Administering the NHLPA involves several Federal and State agencies that play different roles in transferring surplus historic light stations to new owners:
- The U.S. Coast Guard (USCG), and other Federal agencies, identify and report historic light stations to be excessed through the NHLPA process. These agencies also make available condition reports, maintenance records, and related documentation on these properties to the other agencies involved in the process as well as to prospective applicants.
- The General Services Administration (GSA) issues Notices of Availability (NOA) on historic light stations available for transfer, and works with the USCG to arrange open houses at the properties. In addition, GSA initiates Section 106 review with State Historic Preservation Officers, conducts environmental reviews in compliance with the National Environmental Policy Act (NEPA) and the Coastal Zone Management Act as applicable, and develops and executes conveyance documents. In the event that no applicant is approved to receive the historic light station, GSA may sell the property in accordance with procedures outlined in NHLPA (54 USC 305106) (formerly at 16 USC 470w-8).

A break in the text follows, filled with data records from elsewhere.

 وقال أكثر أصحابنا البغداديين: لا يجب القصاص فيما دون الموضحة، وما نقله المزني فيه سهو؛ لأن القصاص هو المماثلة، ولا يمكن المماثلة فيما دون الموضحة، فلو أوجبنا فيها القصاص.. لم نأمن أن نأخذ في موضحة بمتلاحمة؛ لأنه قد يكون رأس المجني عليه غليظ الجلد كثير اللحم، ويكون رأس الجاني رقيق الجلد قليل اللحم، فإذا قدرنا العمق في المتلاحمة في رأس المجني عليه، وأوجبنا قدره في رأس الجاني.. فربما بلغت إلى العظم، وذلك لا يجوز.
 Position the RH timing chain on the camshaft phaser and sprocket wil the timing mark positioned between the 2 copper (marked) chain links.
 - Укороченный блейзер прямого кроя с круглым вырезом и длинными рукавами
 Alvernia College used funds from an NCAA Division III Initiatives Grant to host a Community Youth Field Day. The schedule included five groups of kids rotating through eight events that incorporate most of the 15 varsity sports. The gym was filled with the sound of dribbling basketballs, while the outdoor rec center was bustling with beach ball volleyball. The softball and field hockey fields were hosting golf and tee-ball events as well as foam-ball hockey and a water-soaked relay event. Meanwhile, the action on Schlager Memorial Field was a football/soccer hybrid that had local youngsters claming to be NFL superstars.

- The National Park Service (NPS) of the Department of the Interior, acting on behalf of the Secretary of the Interior (Secretary), provides applications to interested parties, and reviews and evaluates submitted applications. The Secretary recommends a single suitable applicant to GSA or indicates that no suitable applicant was found.
- The State Historic Preservation Officers (SHPO) are consulted during the review of applications and after the transfer of ownership takes place (54 USC 305106) (formerly at 16 USC 470w-8).